Author: Dr. Chao-Hong Liu, Machine Translation Scientist @ Iconic
The ability to translate subword units enables machine translation (MT) systems to translate rare words that might not appear in the training data used to build MT models. Ideally we don’t want to find these subword units (and their corresponding translated “segments”) as a preprocessing procedure, it would be much easier if we could recognise them directly, and automatically, from the corpus of parallel sentences that is used to train an MT model. In this post, we review the work by Provilkov et al. (2019) on improving byte pair encoding (BPE) for NMT.
The idea of using subword units for MT is highly desirable because it allows us to translate rare words if their subunits are in the training corpus, even when these words themselves are not. This is very useful especially with training of MT systems for low-resource languages. Another advantage to use subword units translation is that it could be applied to non-segmenting languages, e.g. Chinese and Thai. In this case, it can be applied in the training pipeline without the need to introduce a commonly used preprocessing procedure to segment sentences.

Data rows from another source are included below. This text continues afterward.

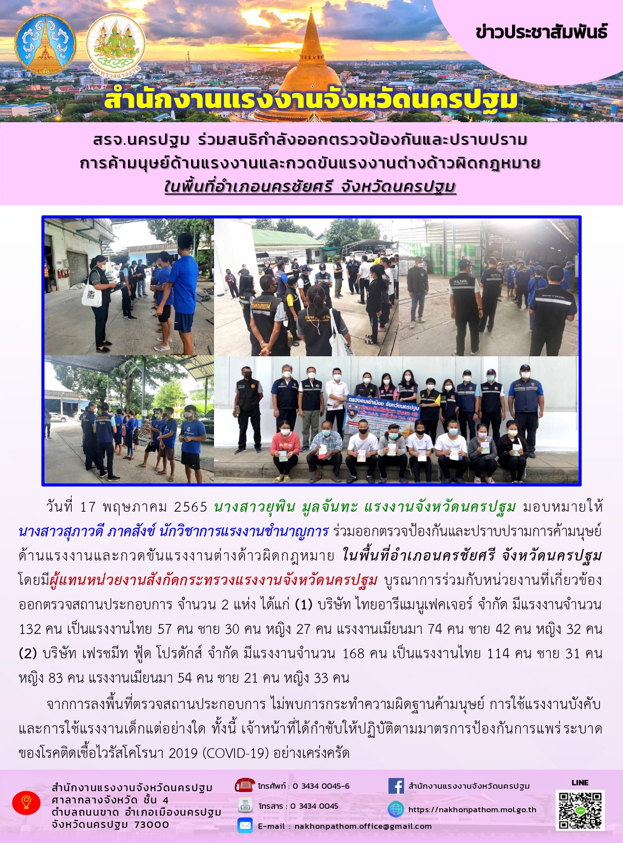 สรจ.นครปฐม ร่วมสนธิกำลังออกตรวจป้องกันและปราบปรามการค้ามนุษย์ด้านแรงงานและกวดขันแรงงานต่างด้าวผิดกฎหมาย ในพื้นที่อำเภอนครชัยศรี จังหวัดนครปฐม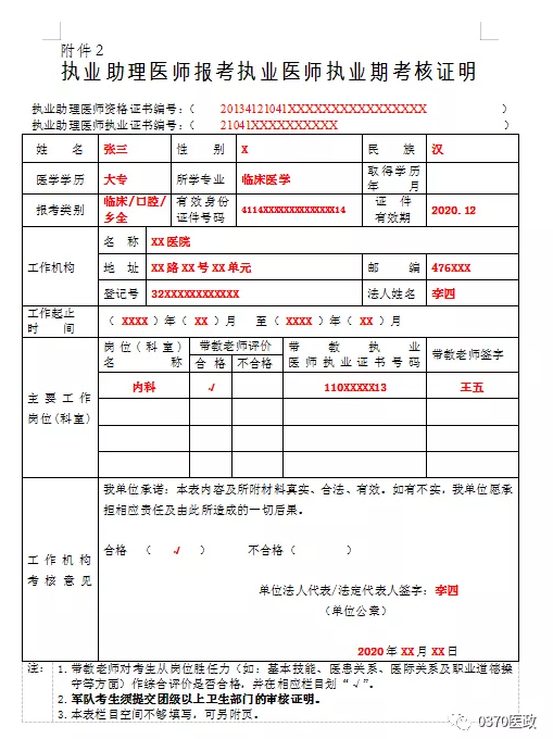 附件2、执业助理医师报考执业医师执业期考核证明填写示例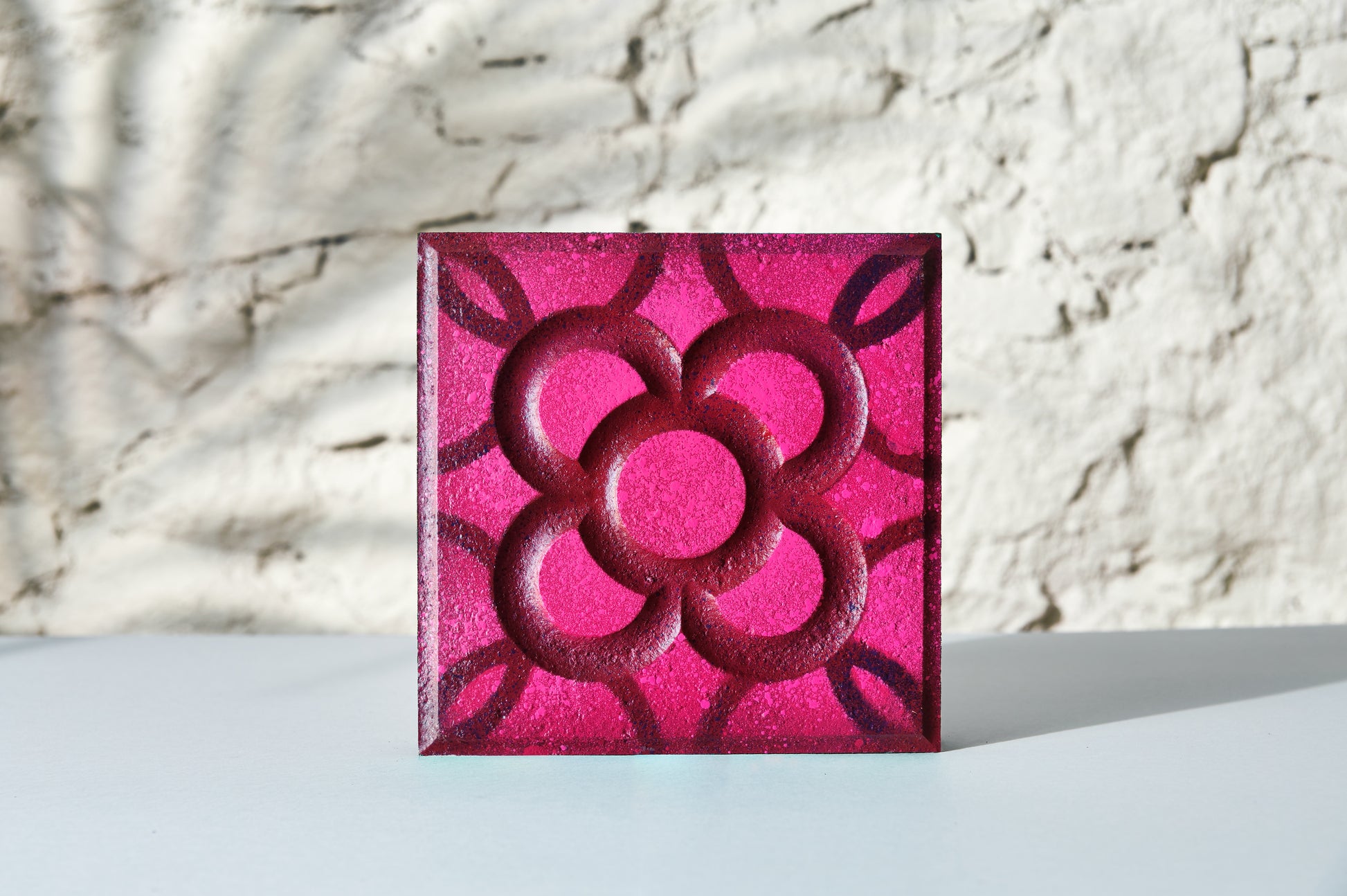 Un auténtico panot de Barcelona, pintado por Juncosa, inspirado en la Rosa de Sant Jordi.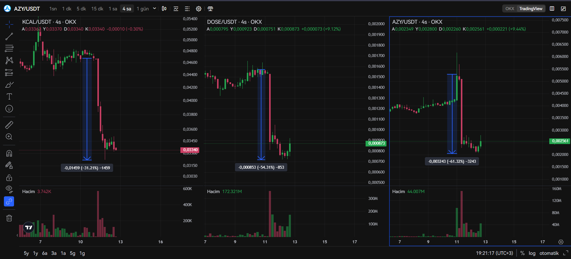 Bu delist kararı ile birlikte KCAL -%31, DOSE -%54, AZY ise -%61 oranında sert düşüşler yaşadı. Şuan itibariyle bu altcoin’ler halen toparlanmayı başaramadı.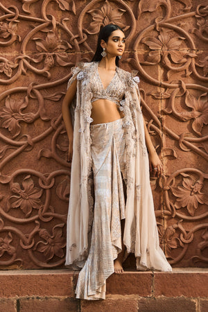• Silver grey skirt set with an organza cape and blouse. Cape is with silver grey embroidery and 3d flowers.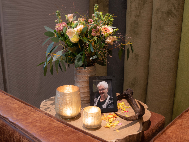 Herdenkingsboeket bij foto of urn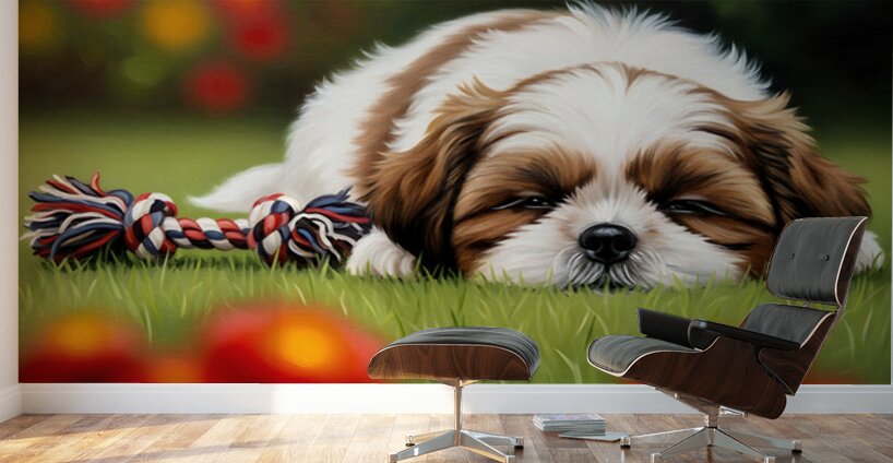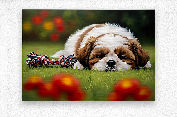 The adorable white and brown Shih Tzu puppy sleeps soundly on the grass curled up in a perfect little ball with the rope toy secured under a tiny paw completely peaceful after the fun playtime. Digital Artwork.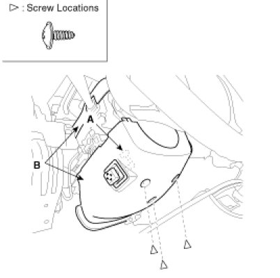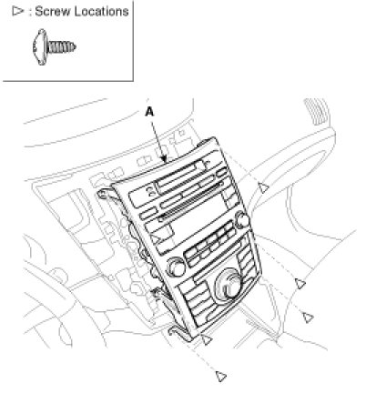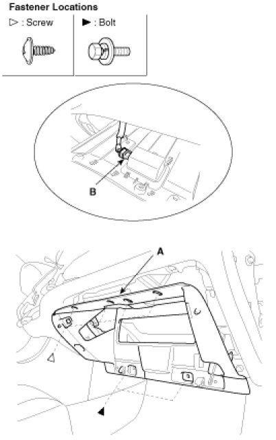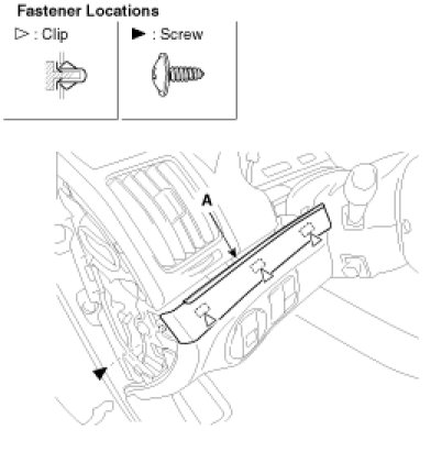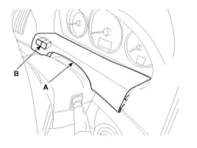 3. After loosening the crash pad lower panel mounting screws, then remove the lower panel (A).

The use of byte pair encoding (BPE) in neural MT (NMT), introduced by Sennrich et al. (2016), is the most successful method to allow us to learn these subword units automatically from the parallel corpus. BPE is actually a data compression algorithm which could be used for word segmentation, Gage (1994). The idea is simple: keep the most frequent “segments” (subword units) intact and split others into tokens.
BPE itself as used for NMT is deterministic. To improve from that, Provilkov et al. (2019) proposed the BPE-Dropout method, which will “stochastically corrupt the segmentation procedure of BPE” and thus create multiple segmentations. Fig. 1 shows the comparison of BPE and BPE-Dropout with the word “related” as an example. Fig. 1 (a), from top to bottom, presents how segments are merged in each step of the BPE algorithm. Fig. 1 (b) shows the steps using BPE-Dropout, in which the authors introduced the “dropouts” (in red underlines) where their corresponding segments cannot be merged in a specific step.
Figure 1. Comparison of subword segmentation for word “unrelated” using (a) BPE and (b) BPE-Dropout, excerpted from Provilkov et al. (2019).
Experiments and Results
Using random subsets extractracted from WMT14 English-French corpus, the experimental results show that BPE-Dropout performs the best for all different sizes of training corpora, ranging from 500k to 4M sentence pairs. However, it also shows that the performance is getting very close with larger training corpora. We will need more experiments on large corpora and more languages to better assess the performance gain of BPE-Dropout.
Figure 2. Comparison of performance of BPE and BPE-Dropout, with different training corpora size and vocabulary size, excerpted from Provilkov et al. (2019).
In this post we briefly reviewed the ideas of using subword units for MT. We also talked about the most popular algorithm used for this matter, BPE and the proposed BPE-Dropout, for NMT. The experimental results show that BPE-Dropout performs the best for all different sizes of training corpora. It seems that the difference won’t be much when we have a large corpus. Notably though, it also indicates that BPE-Dropout will be useful for the training of NMT models involving low-resource languages.